Commercial property sales in Dubai more than doubled in 2008 compared to the previous year despite the global market witnessing a sharp decline in activity, new data has revealed.
According to research by Real Capital Analytics (RCA), Dubai's commercial property jumped 148 per cent to $3.12 billion (Dh11.45bn) last year.
In second place was St Petersburg in Russia with an increase of 60 per cent to $1.98bn.
Only 76 markets worldwide had more than $1bn in sales volume last year, down from 135 markets in 2007. Sales for the top 10 markets declined 62 per cent in aggregate.
Two of the three new arrivals, Beijing and Hong Kong, which each moved up seven places to number four and eight, were from Asia Pacific. Two other Asia-Pacific markets, Tokyo and Singapore, each moved up three spots to number three and six. Emea's Stockholm made the biggest move, vaulting an impressive 18 markets to number 10.
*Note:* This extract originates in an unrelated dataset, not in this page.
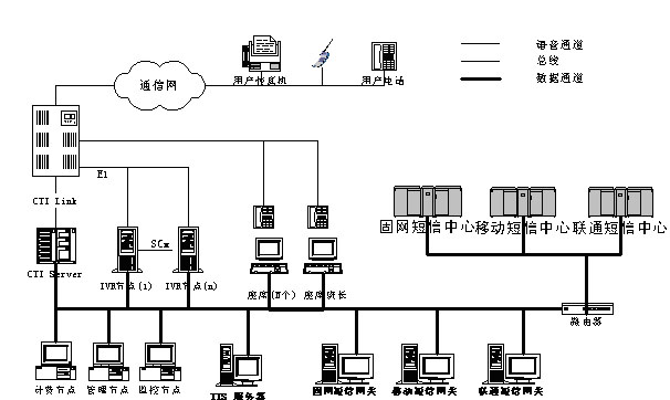 對于不同類型消息呼入、呼出的外圍系統(tǒng)設計遵循模塊化原則;系統(tǒng)內(nèi)部消息流滿足格式統(tǒng)一、可操作性統(tǒng)一、開發(fā)接口統(tǒng)一等特點。在軟、硬件選型上,充分考慮系統(tǒng)的穩(wěn)定性、開放性、經(jīng)濟性,根據(jù)不同的系統(tǒng)規(guī)模進行詳細論證。

There were only five other markets with volume of more than $1bn, none of which are in the top tier of world capitals. Eight of the biggest gainers were in emerging markets, including five in Asia.
The US, which had no big gainers, had three major losers, led by condo-saturated Las Vegas at number six, which had a downdraft of 87 per cent. Three markets, topped by Hanover, Germany, had a volume decline of more than 90 per cent; the remaining losses were clustered between 89 per cent and 85 per cent.
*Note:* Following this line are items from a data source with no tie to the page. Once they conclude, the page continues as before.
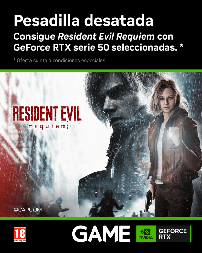 ¿Quieres disfrutar de Resident Evil Requiem con la máxima calidad? Hazte con una tarjeta gráfica NVIDIA GeForce RTX serie 50 (o un PC que la incluya) y podrás llevarte el juego de regalo, ¡la mejor forma de estrenar ordenador!
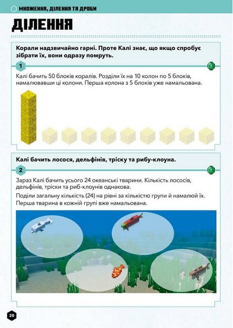 На сторінках цього посібника ваша дитина порине у світ Minecraft з його калейдоскопом пригод і вражень, водночас відточуючи свої математичні навички. З його допомогою ваша дитина перенесеться у захопливий світ, де на неї чекатимуть ігрові персонажі — Джейкоб і Калі, а також будівництво споруд і пошуки скарбів… А ще ж треба давати раду докучливим мобам!
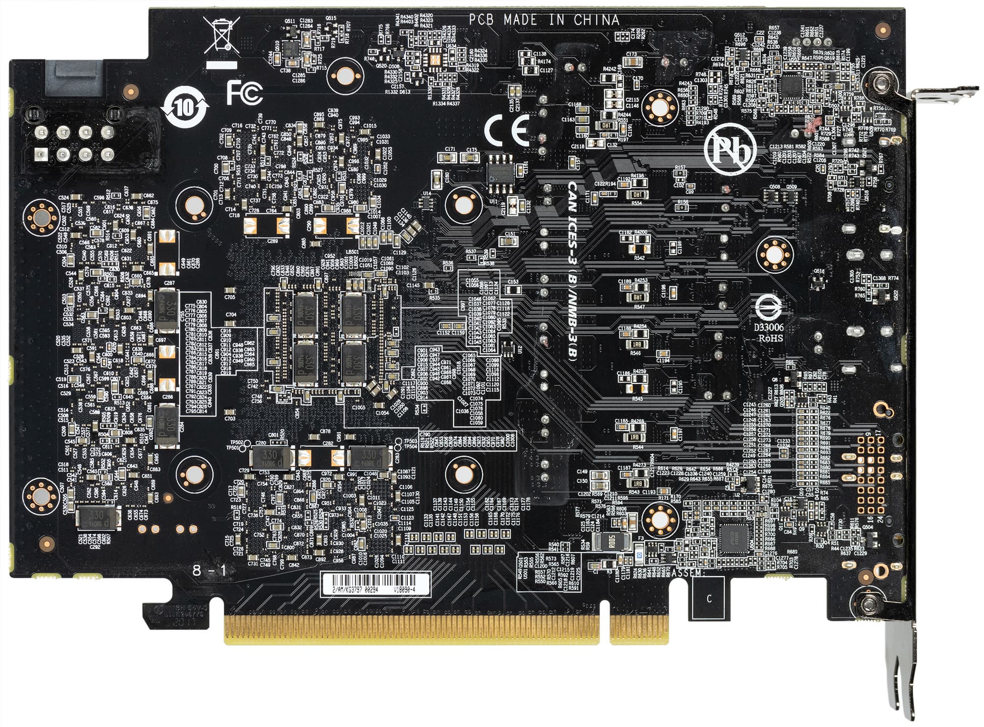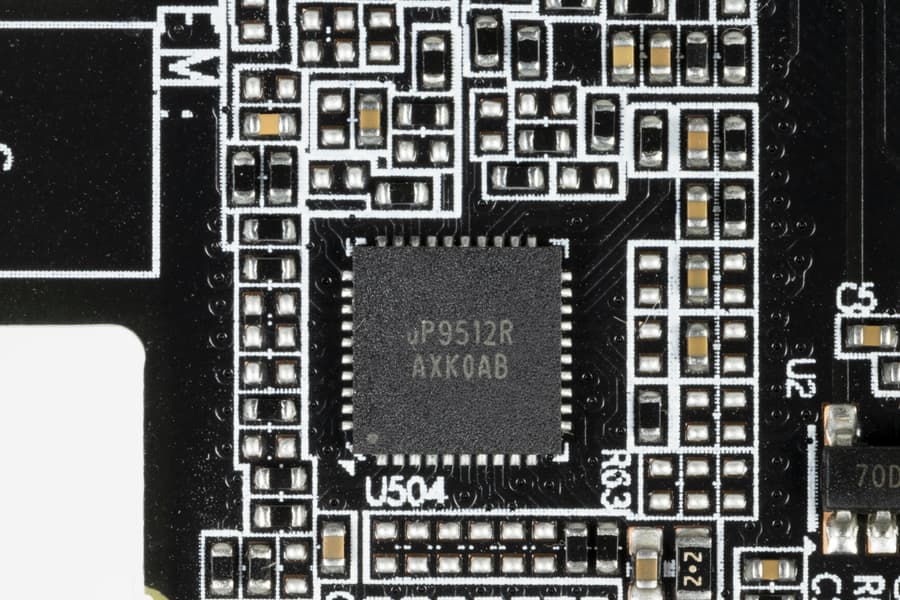 ШИМ-контроллер uP1666Q (uPI Semiconductor) контролирует две фазы питания 6 микросхем памяти. Контроллер расположен на тыльной стороне платы.

Number two and four were Chinese cities, and Sydney, reflecting Australia's 2008 setback, was in fifth place, the report said.
With the typical spate of year-end deals, some would have expected the rate of decline in commercial property sales volume to slow in the final quarter of 2008. But the drop accelerated in the developing world, with activity plummeting as the year drew to a close.